Dr. Deepak Kaji completed his BA in Economics and Biological Sciences at Cornell University. During his undergraduate years, he completed an honors thesis utilizing bioengineering techniques to study cardiac development. He completed his MD/PhD at the Icahn School of Medicine at Mount Sinai. His doctoral work was performed in the laboratory of Dr. Alice Huang studying tendon regeneration. During this time he leveraged mouse and human pluripotent stem cells to bioengineer 3D tendon and fibrocartilage constructs ex-vivo. After starting his research residency at Mount Sinai psychiatry, he began working in the laboratory of Dr. Panagiotis Roussos. Leveraging his expertise in stem cell biology, development, and bioengineering, he is using 3D neocortical and hippocampal organoids to model Alzheimer’s disease.

Research Summary

Using 3D organoids and assembloids to model abnormal protein accumulations and aggregations in the brain, a characteristic of Alzheimer’s Disease.

Technical Overview

In Alzheimer’s Disease (AD), tauopathy, the accumulation and spread of abnormal protein called tau, begins in the entorhinal cortex and hippocampus before spreading to the limbic system, and ultimately the neocortex. Although the reasons for this pattern are unclear, the process of tau propagation, or spread, into the neocortex is highly correlated with cognitive decline.

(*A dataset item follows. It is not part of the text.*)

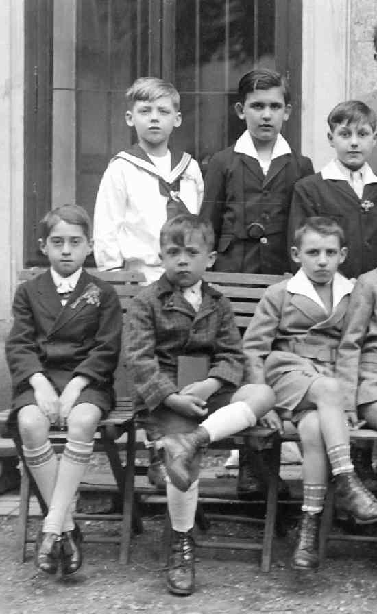 We have at thuis time relatively few glimpses of German First Communions during the 1920s. We do have one portrait of what looks to be a class in a German boys school. It does not look like a Catholic school as both the teacher and priest are in the portrait. This would have been common in the 1920s before the NAZIs as religion was a sibject in most schools. In many areas tyhe population was predoninately one religion. So in Catholic states like Bavaria, a priest might come into the state schools to teach religion. This ended when the NAZIs seized power. The boys in this 1920s class wear a wide range of outfits. Sailor suits seem popular as do suits with Norfolk stylings suchg as belts. Two boys are quite formally dressed while others have open collars.

Beta-amyloid (a protein fragment that plays a role in AD) and microglia (a type of immune cell found in the brain and spinal cord) have been implicated in tau accumulation and propagation in mouse models, but it remains unclear how they interact with different regional cell types in a human model. Dr. Deepak Kaji proposes to utilize stem cells and gene-editing techniques to generate 3D structures, or organoids, resembling the neocortical and hippocampal regions of the brain. Kaji plans to fuse these region-specific organoids together to form a more complex structure called “assembloids” which will model tau propagation between brain regions and in doing so, will provide a better understanding of taupathy and the progression of Alzheimer’s Disease.